Light It Up Blue, now in its fifth year, is a global initiative to raise awareness about autism, according to the organizing group Autism Speaks. Landmarks around the world will display blue to show their support, the group said.

The university has previously participated in the event.

Autism and autism spectrum disorder are general terms for a group of complex disorders of brain development. These disorders are characterized in varying degrees by difficulties in social interaction, verbal and nonverbal communication, and repetitive behaviors. They include autistic disorder (sometimes referred to as classic autism), Rett syndrome, childhood disintegrative disorder, pervasive developmental disorder-not otherwise specified and Asperger syndrome.

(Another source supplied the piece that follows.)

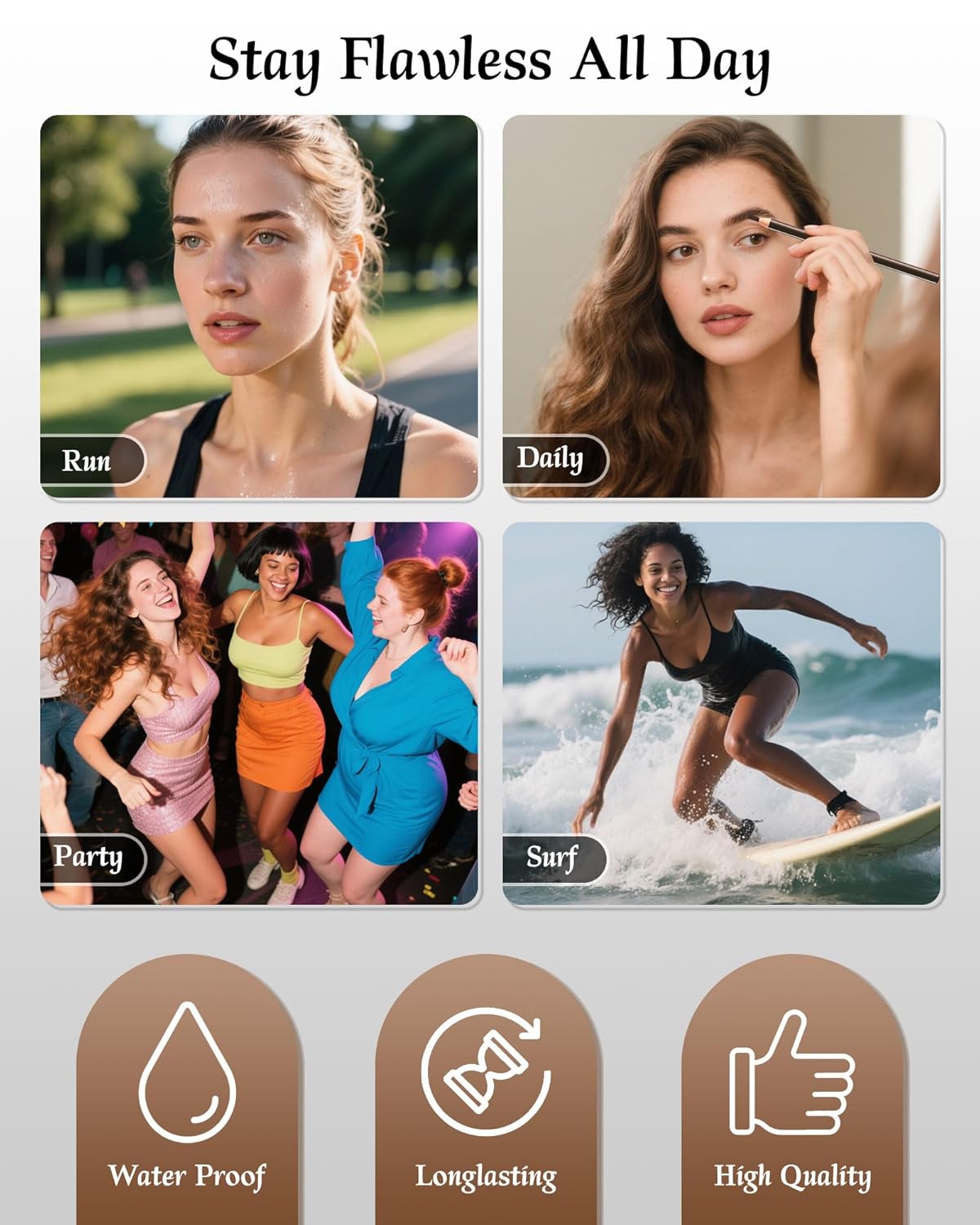 - 16H Waterproof & Smudge-Proof Formula: Sweat-proof, humidity-resistant, and tear-proof! Our long-lasting eyebrow pencils lock in place through workouts, rain, or oily skin. Ideal for active lifestyles β zero fading, zero smudging, just flawless brows

Autism statistics from the U.S. Centers for Disease Control and Prevention identify around one in 88 American children as being on the autism spectrum, according to the Autism Speaks’ website. An estimated one out of 54 boys and one in 252 girls are diagnosed with autism in the United States. ASD is estimated to affect more than 2 million individuals in the United States and tens of millions worldwide.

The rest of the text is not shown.